Task description =>
Among the lines below, take the one holding "Ik verkoop mijn", the one holding "Женский комплект для", and all lines between them. Set them down exactly.

[Opening Records provided section]

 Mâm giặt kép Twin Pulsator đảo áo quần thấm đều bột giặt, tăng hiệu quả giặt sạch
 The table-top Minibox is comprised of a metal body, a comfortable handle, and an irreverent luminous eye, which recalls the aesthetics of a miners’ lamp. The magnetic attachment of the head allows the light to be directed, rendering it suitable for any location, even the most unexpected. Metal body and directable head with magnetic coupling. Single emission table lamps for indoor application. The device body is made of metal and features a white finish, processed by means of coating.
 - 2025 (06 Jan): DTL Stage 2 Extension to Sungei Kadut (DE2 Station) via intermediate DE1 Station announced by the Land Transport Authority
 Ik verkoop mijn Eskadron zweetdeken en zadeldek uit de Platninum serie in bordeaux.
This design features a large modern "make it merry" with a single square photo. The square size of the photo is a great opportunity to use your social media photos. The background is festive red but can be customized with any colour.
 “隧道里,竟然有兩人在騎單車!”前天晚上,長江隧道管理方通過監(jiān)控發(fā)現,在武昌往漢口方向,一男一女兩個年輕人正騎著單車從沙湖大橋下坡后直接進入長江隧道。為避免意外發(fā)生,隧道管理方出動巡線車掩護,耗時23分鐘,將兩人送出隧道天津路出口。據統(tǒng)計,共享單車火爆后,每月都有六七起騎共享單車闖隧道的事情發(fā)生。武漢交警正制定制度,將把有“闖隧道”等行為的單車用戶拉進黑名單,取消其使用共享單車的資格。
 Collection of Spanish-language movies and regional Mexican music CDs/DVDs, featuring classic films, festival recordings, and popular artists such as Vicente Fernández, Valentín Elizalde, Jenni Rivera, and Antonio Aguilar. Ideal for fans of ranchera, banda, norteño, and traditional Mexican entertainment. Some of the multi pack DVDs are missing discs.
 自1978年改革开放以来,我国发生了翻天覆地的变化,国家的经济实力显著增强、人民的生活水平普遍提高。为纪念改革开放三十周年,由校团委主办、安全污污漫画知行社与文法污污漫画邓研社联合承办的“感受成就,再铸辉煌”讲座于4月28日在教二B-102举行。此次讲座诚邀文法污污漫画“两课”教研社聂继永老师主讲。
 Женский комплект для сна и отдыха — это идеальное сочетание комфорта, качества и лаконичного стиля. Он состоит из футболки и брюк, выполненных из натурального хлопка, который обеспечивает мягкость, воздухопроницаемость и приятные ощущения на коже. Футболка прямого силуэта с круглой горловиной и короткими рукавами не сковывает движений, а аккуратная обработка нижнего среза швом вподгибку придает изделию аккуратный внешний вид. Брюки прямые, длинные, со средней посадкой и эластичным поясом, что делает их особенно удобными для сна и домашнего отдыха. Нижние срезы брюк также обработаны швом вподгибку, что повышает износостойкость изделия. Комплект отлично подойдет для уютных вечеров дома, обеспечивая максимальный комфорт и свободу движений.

[Closing Records provided section]
[Opening Records provided section]

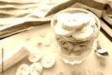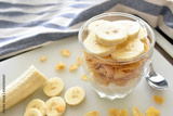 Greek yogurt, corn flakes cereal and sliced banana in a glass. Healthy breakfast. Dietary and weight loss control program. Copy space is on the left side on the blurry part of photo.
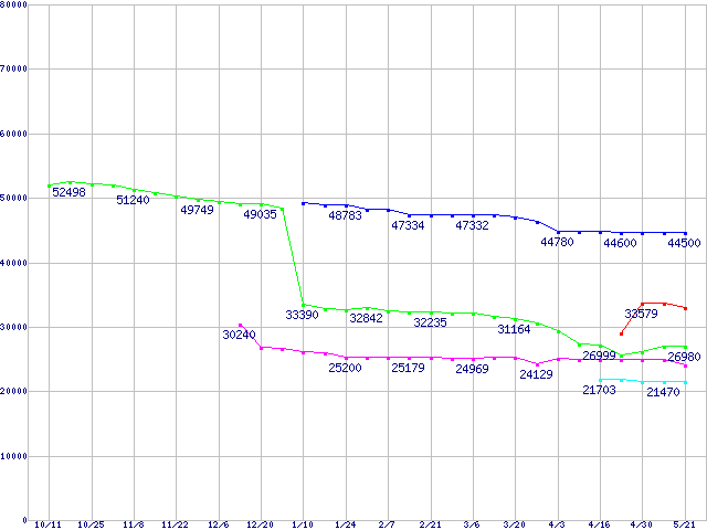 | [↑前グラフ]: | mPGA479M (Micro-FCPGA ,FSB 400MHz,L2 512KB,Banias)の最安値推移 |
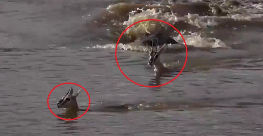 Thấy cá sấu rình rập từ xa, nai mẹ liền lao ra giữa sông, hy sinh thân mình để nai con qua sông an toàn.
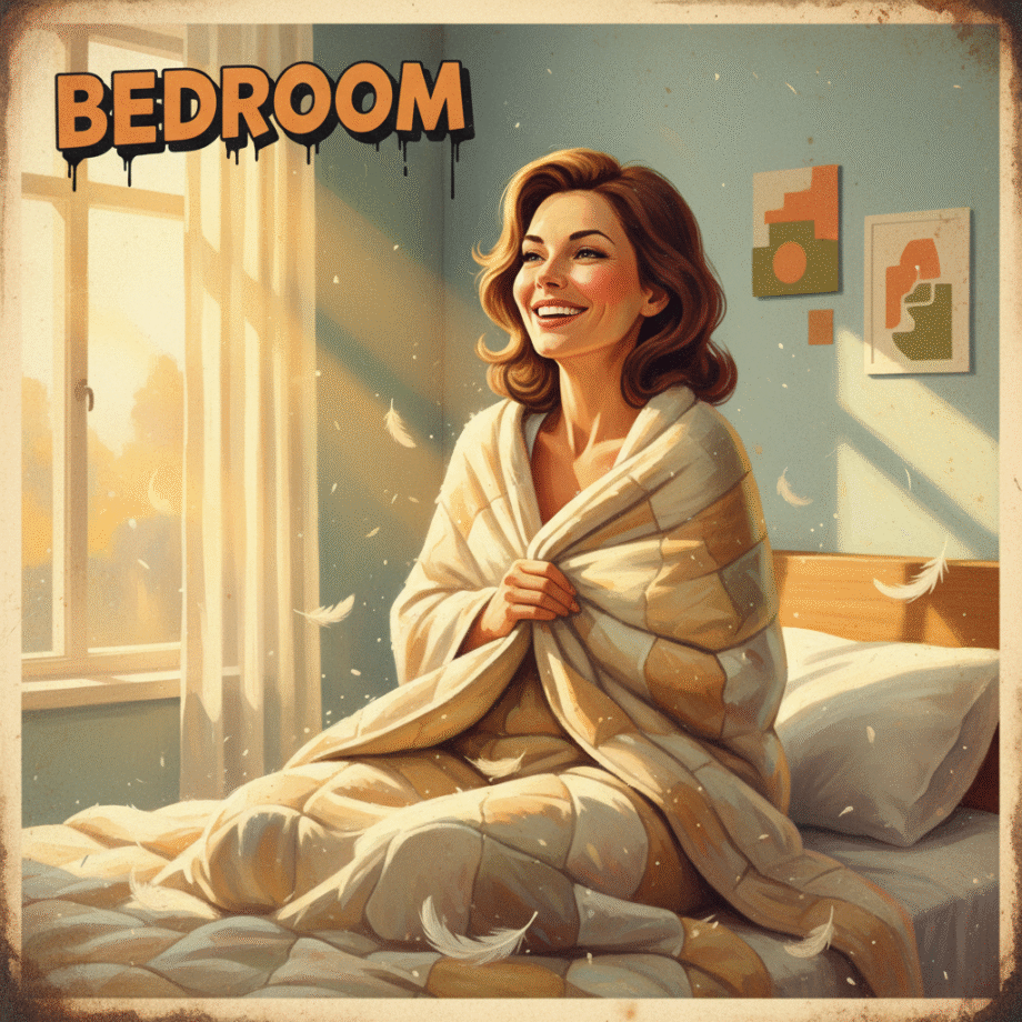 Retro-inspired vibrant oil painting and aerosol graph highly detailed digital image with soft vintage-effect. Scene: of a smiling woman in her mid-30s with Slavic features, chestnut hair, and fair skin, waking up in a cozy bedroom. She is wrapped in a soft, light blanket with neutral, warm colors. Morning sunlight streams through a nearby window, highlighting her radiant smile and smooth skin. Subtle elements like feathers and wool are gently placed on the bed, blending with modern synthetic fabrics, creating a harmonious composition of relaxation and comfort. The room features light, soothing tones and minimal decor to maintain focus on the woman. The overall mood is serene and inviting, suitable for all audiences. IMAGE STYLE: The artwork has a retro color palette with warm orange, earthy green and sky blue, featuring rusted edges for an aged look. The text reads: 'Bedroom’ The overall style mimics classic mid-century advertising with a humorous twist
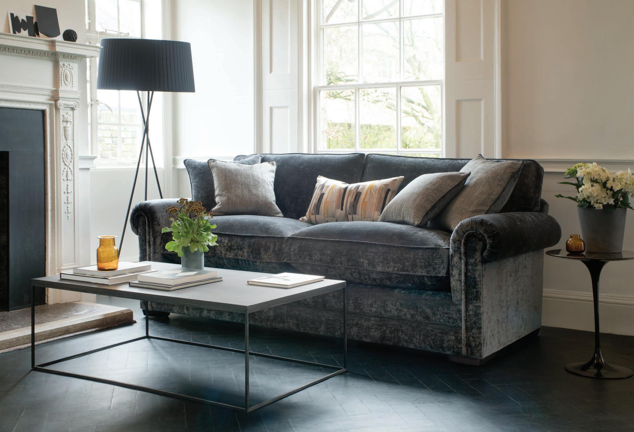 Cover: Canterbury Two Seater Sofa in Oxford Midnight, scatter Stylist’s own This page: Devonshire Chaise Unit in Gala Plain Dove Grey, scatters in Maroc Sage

[Closing Records provided section]
[Opening Records provided section]

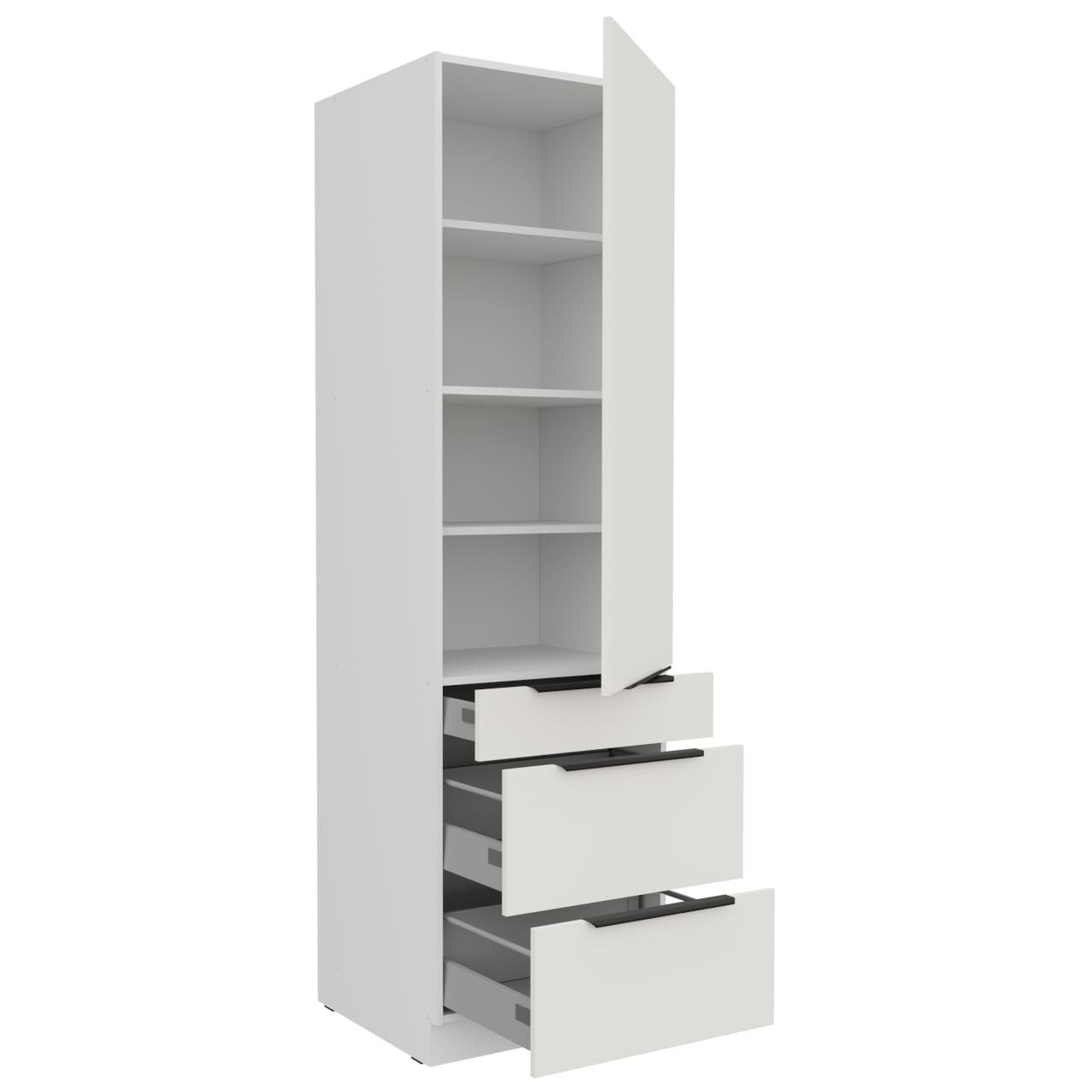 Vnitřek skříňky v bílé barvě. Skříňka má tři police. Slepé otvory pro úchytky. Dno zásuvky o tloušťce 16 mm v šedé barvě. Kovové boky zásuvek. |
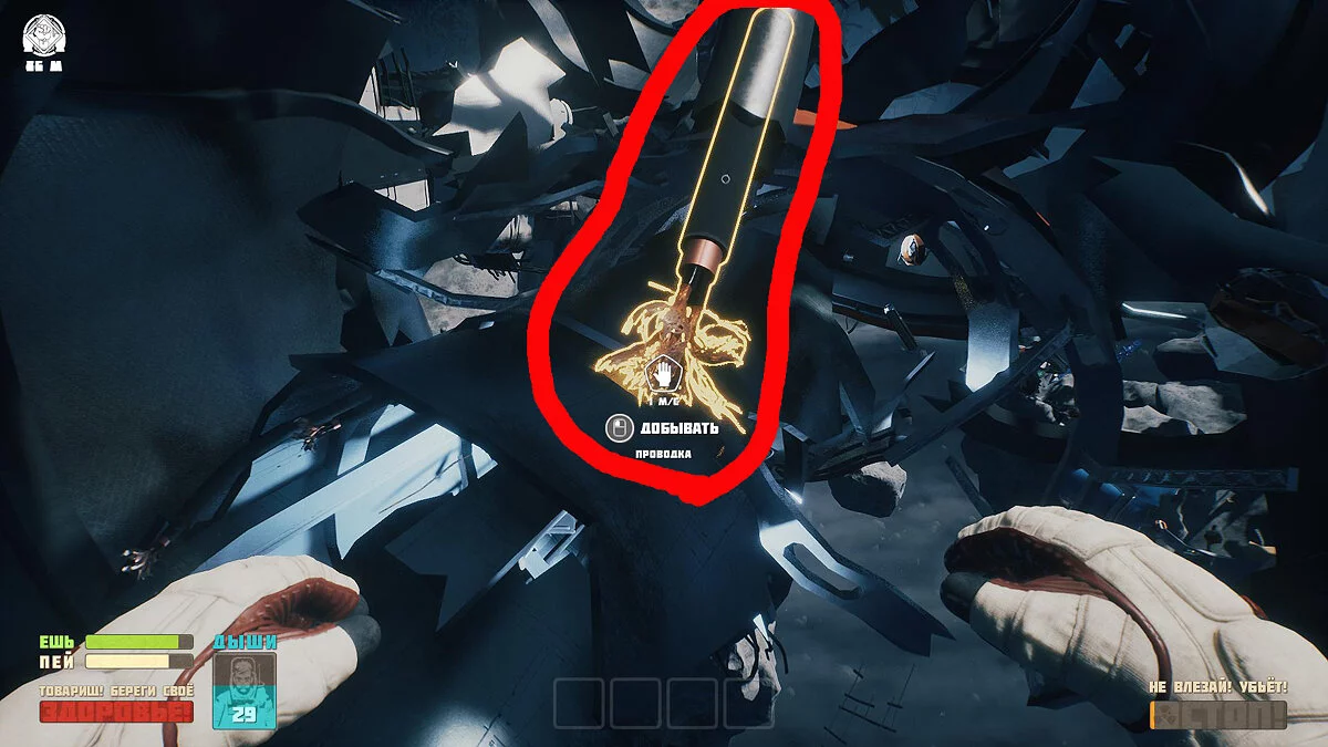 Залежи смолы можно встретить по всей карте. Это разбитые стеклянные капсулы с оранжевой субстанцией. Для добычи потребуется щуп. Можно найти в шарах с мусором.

[Closing Records provided section]

Output for this task =>
 Ik verkoop mijn Eskadron zweetdeken en zadeldek uit de Platninum serie in bordeaux.
This design features a large modern "make it merry" with a single square photo. The square size of the photo is a great opportunity to use your social media photos. The background is festive red but can be customized with any colour.
 “隧道里,竟然有兩人在騎單車!”前天晚上,長江隧道管理方通過監(jiān)控發(fā)現,在武昌往漢口方向,一男一女兩個年輕人正騎著單車從沙湖大橋下坡后直接進入長江隧道。為避免意外發(fā)生,隧道管理方出動巡線車掩護,耗時23分鐘,將兩人送出隧道天津路出口。據統(tǒng)計,共享單車火爆后,每月都有六七起騎共享單車闖隧道的事情發(fā)生。武漢交警正制定制度,將把有“闖隧道”等行為的單車用戶拉進黑名單,取消其使用共享單車的資格。
 Collection of Spanish-language movies and regional Mexican music CDs/DVDs, featuring classic films, festival recordings, and popular artists such as Vicente Fernández, Valentín Elizalde, Jenni Rivera, and Antonio Aguilar. Ideal for fans of ranchera, banda, norteño, and traditional Mexican entertainment. Some of the multi pack DVDs are missing discs.
 自1978年改革开放以来,我国发生了翻天覆地的变化,国家的经济实力显著增强、人民的生活水平普遍提高。为纪念改革开放三十周年,由校团委主办、安全污污漫画知行社与文法污污漫画邓研社联合承办的“感受成就,再铸辉煌”讲座于4月28日在教二B-102举行。此次讲座诚邀文法污污漫画“两课”教研社聂继永老师主讲。
 Женский комплект для сна и отдыха — это идеальное сочетание комфорта, качества и лаконичного стиля. Он состоит из футболки и брюк, выполненных из натурального хлопка, который обеспечивает мягкость, воздухопроницаемость и приятные ощущения на коже. Футболка прямого силуэта с круглой горловиной и короткими рукавами не сковывает движений, а аккуратная обработка нижнего среза швом вподгибку придает изделию аккуратный внешний вид. Брюки прямые, длинные, со средней посадкой и эластичным поясом, что делает их особенно удобными для сна и домашнего отдыха. Нижние срезы брюк также обработаны швом вподгибку, что повышает износостойкость изделия. Комплект отлично подойдет для уютных вечеров дома, обеспечивая максимальный комфорт и свободу движений.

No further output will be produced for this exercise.